Back to the Other World
Then, more later!
I carry away in my heart
The rainbow colors of each of the souls in this place
and I hear more clearly than ever the song in my own heart,
sung by each crystal voice in this place
and it is beautiful baby!
Wednesday, May 7, 2008
An Introduction to Brave Voice -- by Caryn Mirriam-Goldberg
Several years ago rhythm and blues singer-songwriter Kelley Hunt and I started talking about how singing can open up our writing voice, and visa-versa, all of which couldn’t help but to enliven the rest of our lives. That was the impetus behind Brave Voice, the week-long retreat we developed that brings men and women together in the wilds of the weather and their own experience to recover, discover and express more of their voice and life.As a writer, I’m long-acquainted with the value of entering a new piece of writing through
This kind of engagement allows us to access far more of our lives, experiences, perceptions, magic, music and words than putting only our brain’s frontal lobe in the driver’s seat. Yet such engagements benefit from enough patience, time, safe enough space to take creative risks, and good enough witnesses to help us see what we’re creating. It’s a date with the mysterious to witness what wants to be said, written, sung or performed, and both Kelley and I believe in having outrageous fun and making sure to get up and dance on such dates.

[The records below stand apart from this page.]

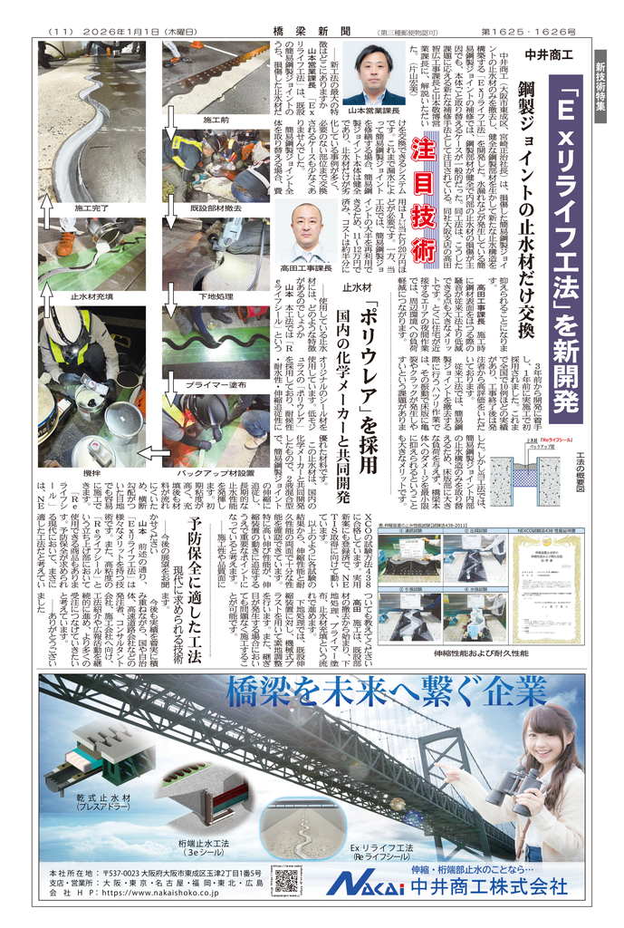この度、橋梁新聞 2026年1月号に弊社の会社紹介と技術力を特集した記事が掲載されました。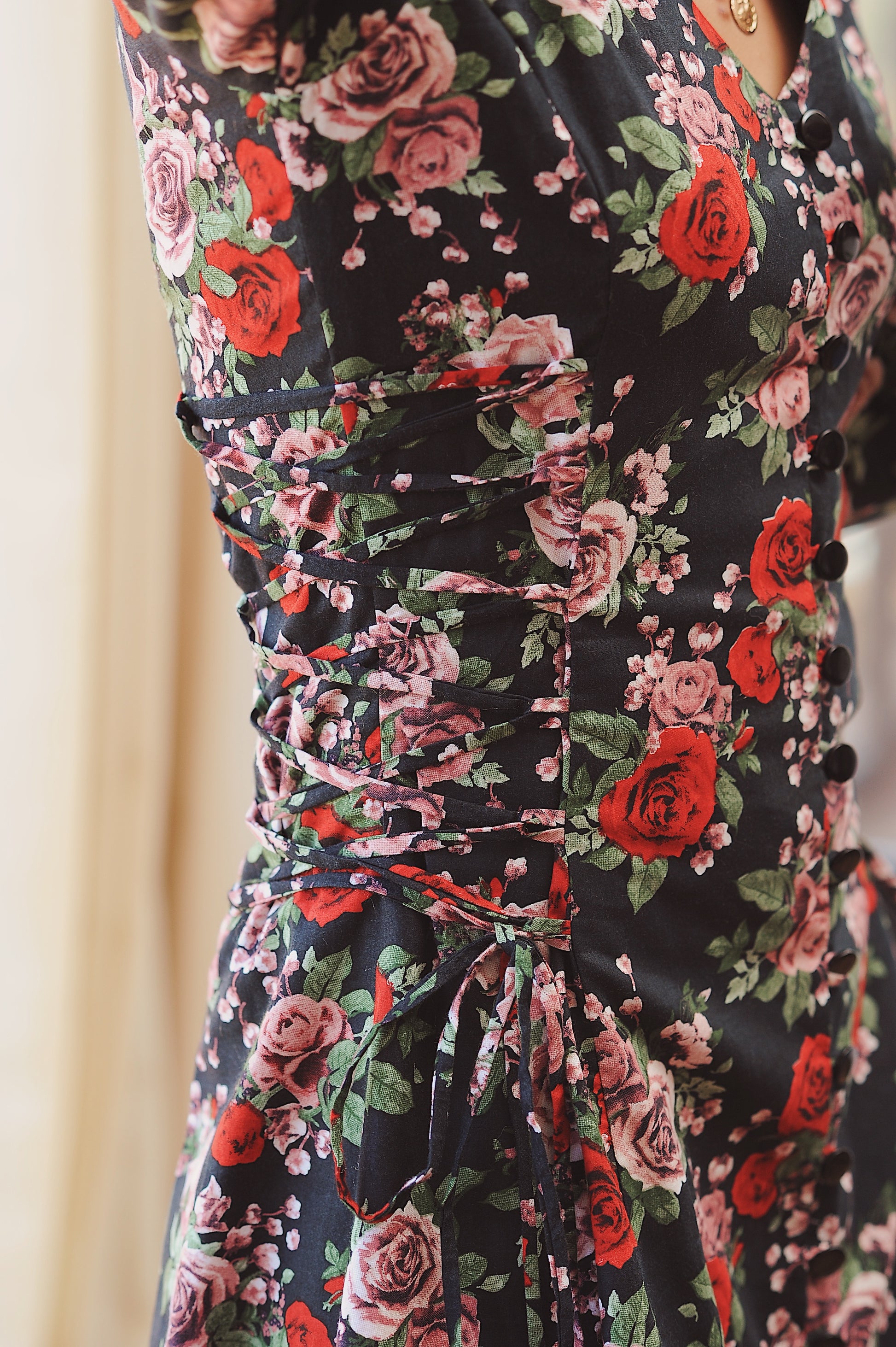 Nœuds corset sur les côtés, détail élégant qui structure la robe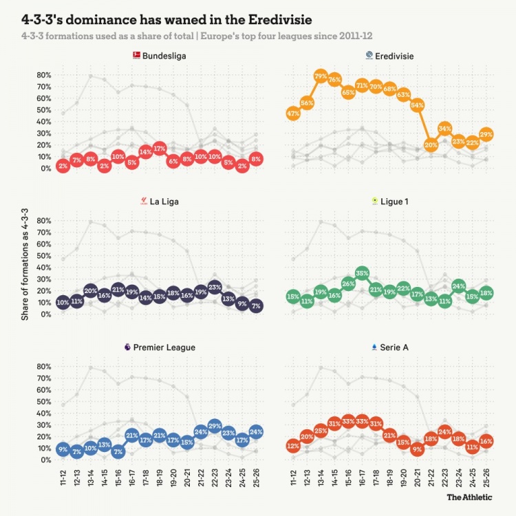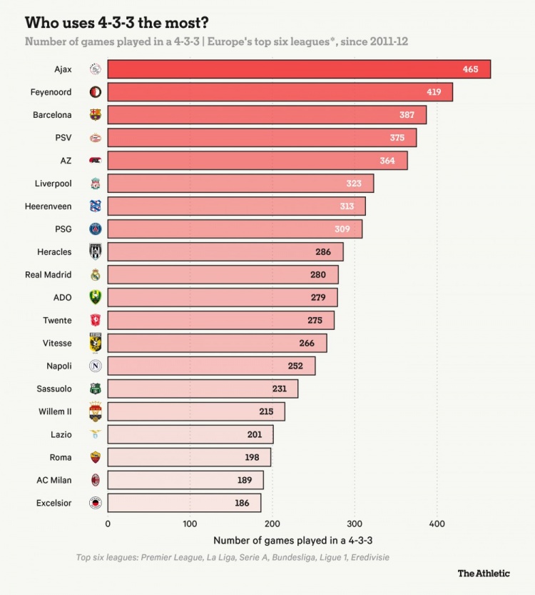 尽管逐场阵型统计在2010年代才出现,这份现代数据却为观察4-3-3阵型提供了绝佳视角。下图显示自11/12赛季以来,欧洲六大联赛中使用4-3-3阵型最频繁的球队榜单,“全攻全守”的深远影响一目了然。前20名中荷甲球队占据11席,更惊人的是其中六支球队曾至少一个赛季征战次级联赛(这些场次未计入统计)。

At Brave Voice, we come together to listen deeply to ourselves, to each other, to the land and lake and sky around us, to the calling of our own voice, and the sightings along our own path. We witness each other, and in doing so, we learn how to listen more deeply to our own creative process. We are witnessed, which helps us feel and know the full weight of our music, writing, and art.
Where we meet has much to do with what we find. The retreat is held at a camp on an arrowhead-shaped peninsula surrounded by Council Grove reservoir. The location, in the center of the Flint Hills (endless hills of tallgrass prairie that look like voluptuous women lying on their sides), was key meeting ground for Plains-area tribes, which came together in council to share news, celebrate, meet and make and keep community. The location of the camp is the precise place where thousands of tribal people met for hundreds of years.
Coming to this sacred ground, we experience both resonance and reverence that’s inherently healing, grounding and renewing. We come to a particular place, and in doing so, we also find our ways into our own particular songs, stories, poems, plays, rhythms and motions. Such a place, combined with such a process, uncovers the utter bravery of our voices, and what we have to say, sing or write to the world.